The mystery of Kate Middleton’s disappearance casts a spotlight on Jewish Sassoon family’s Chinese history

World News

(JR) — Internet sleuths scouring photographs to understand the befuddling tumult in Britain’s royal family believe they have solved a different mystery: what happened to artifacts taken from China during the Qing Dynasty.

Their conclusion, in turn, is drawing renewed attention to the imperial spoils of one of the wealthiest and most influential Jewish families in history.

To understand the story, one must start at the beginning: the announcement in January that Kate Middleton, who is married to the British heir apparent, William, would be undergoing surgery and thus exit public view.

It has now been nearly three months since anyone has seen convincing proof of life for Middleton, also known as Catherine, Princess of Wales Kensington Palace’s efforts to assure royal-watchers of her health and safety have included a series of baffling gaffes, including, last week, the release of a doctored photograph that news agencies retracted in a rare move and for which Middleton has apologized.

A wide range of theories are now being promulgated about Middleton’s disappearance, which comes while King Charles III has stepped out of public life after a cancer diagnosis.
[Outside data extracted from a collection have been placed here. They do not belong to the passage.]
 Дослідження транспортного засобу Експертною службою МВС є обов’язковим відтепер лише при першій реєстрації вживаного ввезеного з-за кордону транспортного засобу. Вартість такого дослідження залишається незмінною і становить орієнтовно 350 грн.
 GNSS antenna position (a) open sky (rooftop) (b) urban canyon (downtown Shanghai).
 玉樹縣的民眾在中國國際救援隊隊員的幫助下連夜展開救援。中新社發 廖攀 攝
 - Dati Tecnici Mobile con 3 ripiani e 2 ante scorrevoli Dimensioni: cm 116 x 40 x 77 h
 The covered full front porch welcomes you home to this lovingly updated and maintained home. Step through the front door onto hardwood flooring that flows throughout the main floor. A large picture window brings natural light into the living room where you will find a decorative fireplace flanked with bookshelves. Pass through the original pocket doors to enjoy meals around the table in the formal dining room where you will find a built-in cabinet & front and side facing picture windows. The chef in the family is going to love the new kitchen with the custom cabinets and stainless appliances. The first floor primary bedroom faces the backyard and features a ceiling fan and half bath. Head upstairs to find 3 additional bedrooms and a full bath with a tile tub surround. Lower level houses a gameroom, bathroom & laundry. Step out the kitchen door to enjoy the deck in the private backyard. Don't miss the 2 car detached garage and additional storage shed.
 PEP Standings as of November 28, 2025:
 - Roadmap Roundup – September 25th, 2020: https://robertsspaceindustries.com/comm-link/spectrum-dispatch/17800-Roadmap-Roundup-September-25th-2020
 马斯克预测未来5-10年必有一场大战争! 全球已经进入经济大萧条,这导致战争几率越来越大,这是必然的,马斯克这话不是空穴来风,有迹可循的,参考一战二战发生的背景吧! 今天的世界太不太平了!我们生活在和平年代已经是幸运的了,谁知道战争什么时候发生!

The theories range from the prosaic to the frightening to the utterly fanciful, but several popular ones are connected to the belief that Prince William is having an affair with Rose Hanbury, the Marchioness of Cholmondeley and Middleton’s onetime friend. (Through an attorney, Rose has denied the allegations.)

This is where Jewish history comes in. Hanbury’s husband David, the Marquess of Cholmondeley, is the grandson of Sybil Sassoon — a member of the influential Baghdadi Jewish family and also a member of the Rothschilds, the prominent Jewish banking family.
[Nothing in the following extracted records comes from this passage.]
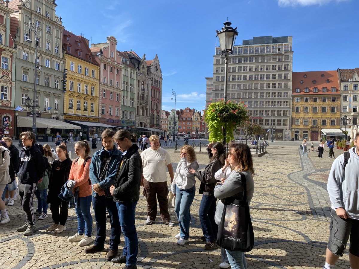 Drugim miejscem naszej wycieczki był znany wszystkim wrocławski Rynek, ale przedstawiony z historycznej strony przez przewodnika Przemka nabrał dla nas innego znaczenia.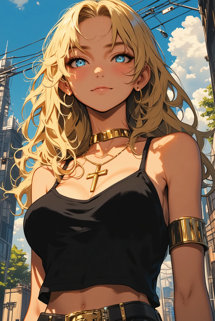 #digitalart #anime #animegirl #digitalpainting #black #blonde #blueeyedgirl #captivating #cinematic #cut #girl #illustration #low #pretty #woman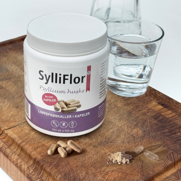 SylliFlor Kapsler er et fiberrigt kosttilskud, der er baseret på loppefrøskaller.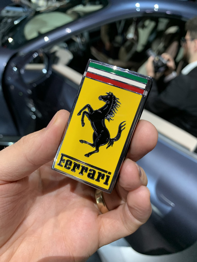 The Ferrari Roma's key is just a Ferrari badgeThe Ferrari Roma's key is both simple and flashy.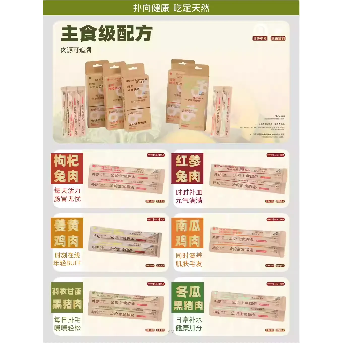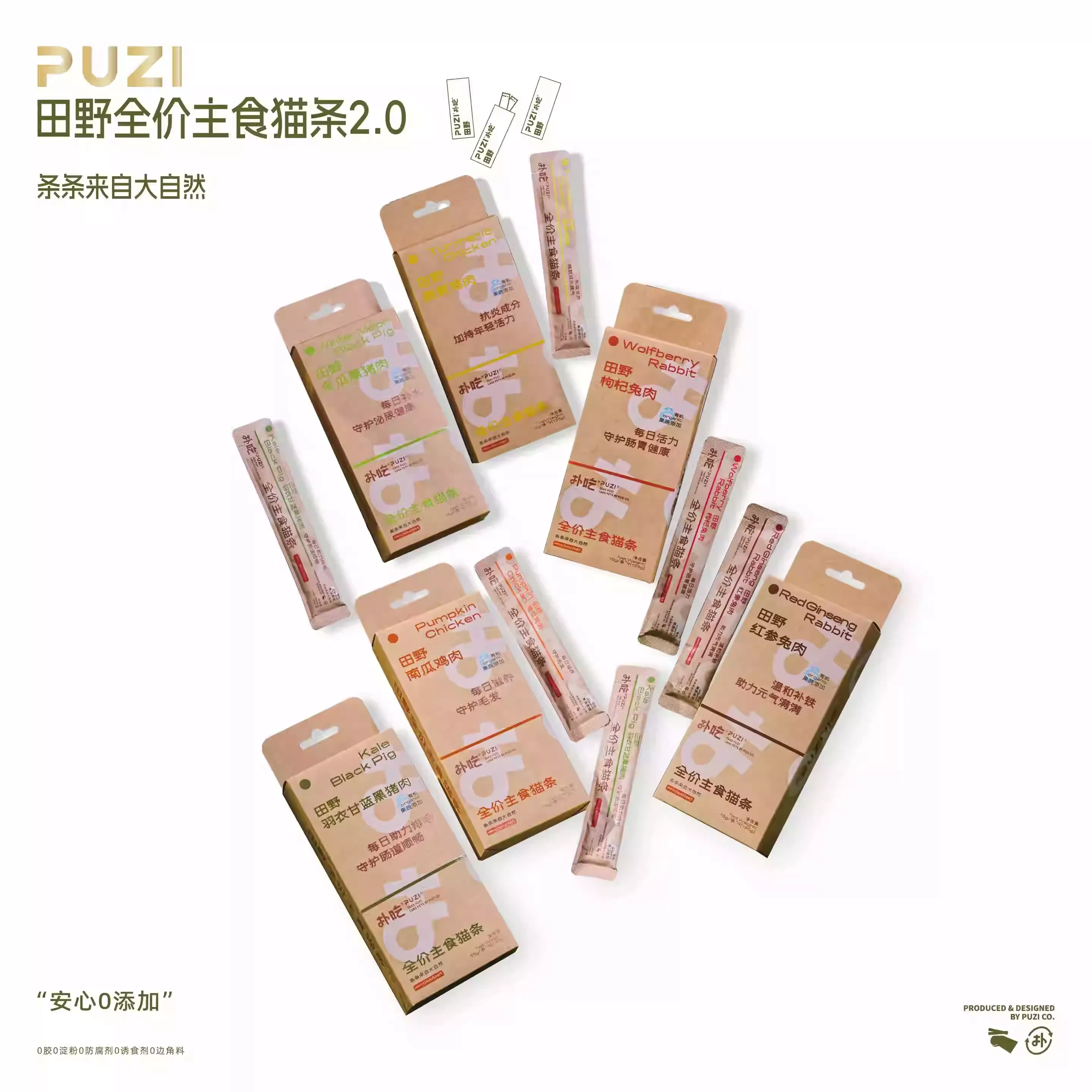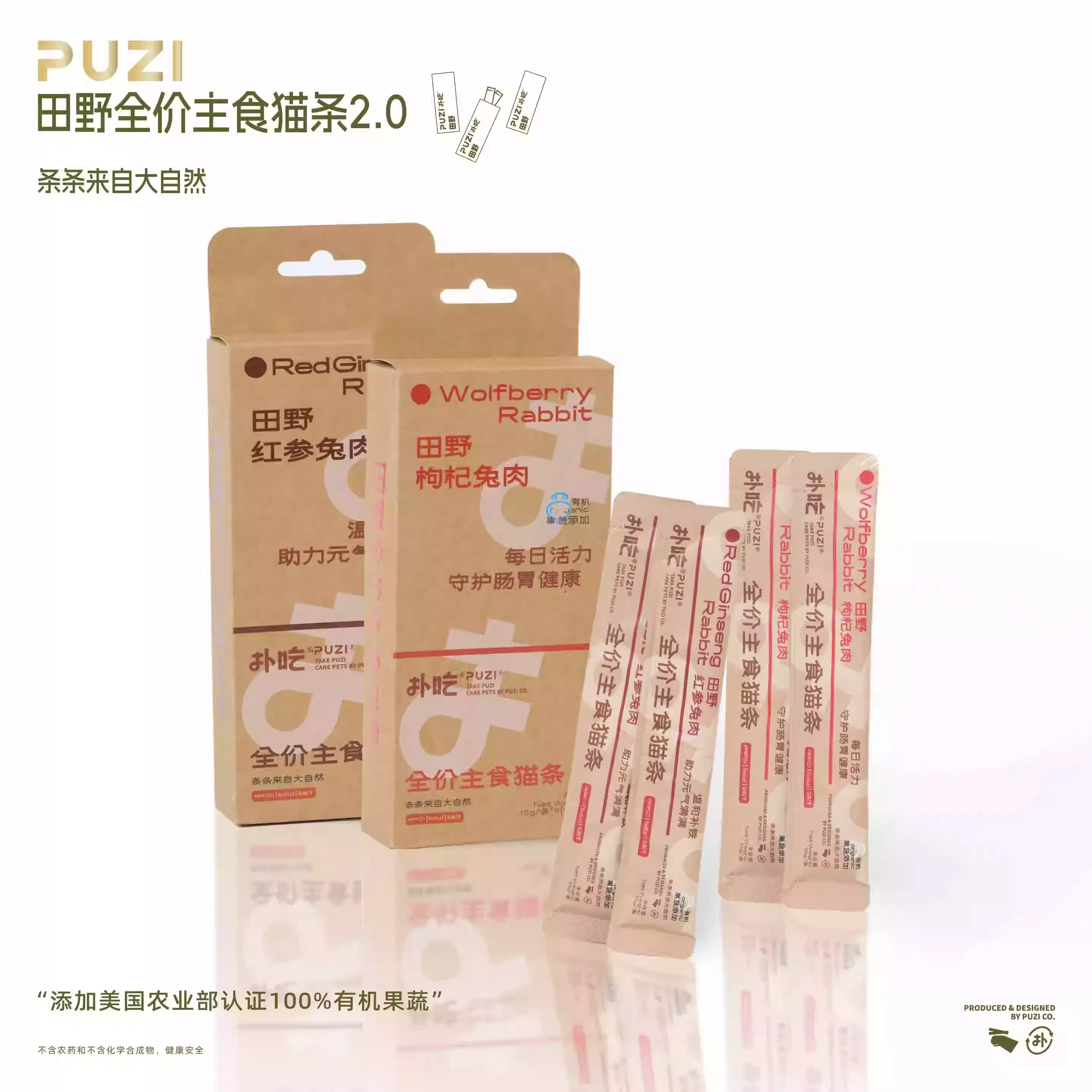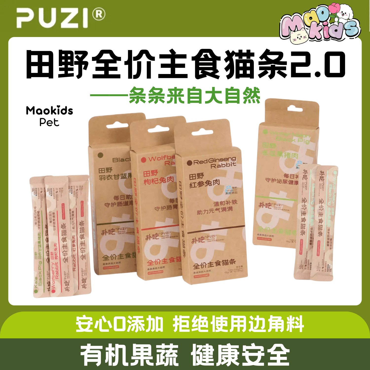 PUZI扑吃 猫咪专用 田野主食全价猫条升级版2.0 养生果蔬营养增肥 6味可选 15g*9支一盒

Born in London in 1894 to a father who was born in Bombay (now Mumbai) and a French mother from the Rothschild family, Sassoon was part of a generation of very affluent Jews who transitioned from achieving remarkable success in British society despite antisemitism to integrating completely into its most rarefied echelons. Sassoon married George Cholmondeley, Earl of Rocksavage, when she was 19, bore him three children and, when she died in 1989, was buried in a church on the grounds of their estate, Houghton Hall.

Rose and David live in Houghton Hall today, surrounded in part by the design choices made by his grandmother. Sassoon, an avid art collector, was known for restoring the Cholmondeley estate to its former glory. David, too, made headlines more recently by revamping the estate’s public gardens. And this week, with Rose squarely in the internet’s sights, the interior of the estate returned to public view when royals-watchers discovered photographs from 2013 and 2016 featuring the couple and their lushly decorated home.

The decor, Chinese internet users quickly realized, includes furniture and art from the Qing Dynasty, China’s last imperial dynasty, which reigned from 1644 to 1912.

The Sassoon family’s ties to China were long and complicated. After Britain forced the flow of opium into China in the 19th century, during what are known as the Opium Wars, the Sassoon family became the dominant trader sending the narcotic from India to China. Victor Sassoon, who lived from 1881 to 1961, shifted much of the family’s wealth to Shanghai, where he was both crucial to the city’s modern development and to its role as a haven for Jews during the Holocaust.

A recent flurry of attention to the family, sometimes referred to as “the Rothschilds of the East,” included uneven scrutiny of the family’s role in the international opium trade. A museum exhibit in New York City, for example, focused almost entirely on the art and artifacts, including ornate Judaica, that the family collected and gave little mention to the opium trade.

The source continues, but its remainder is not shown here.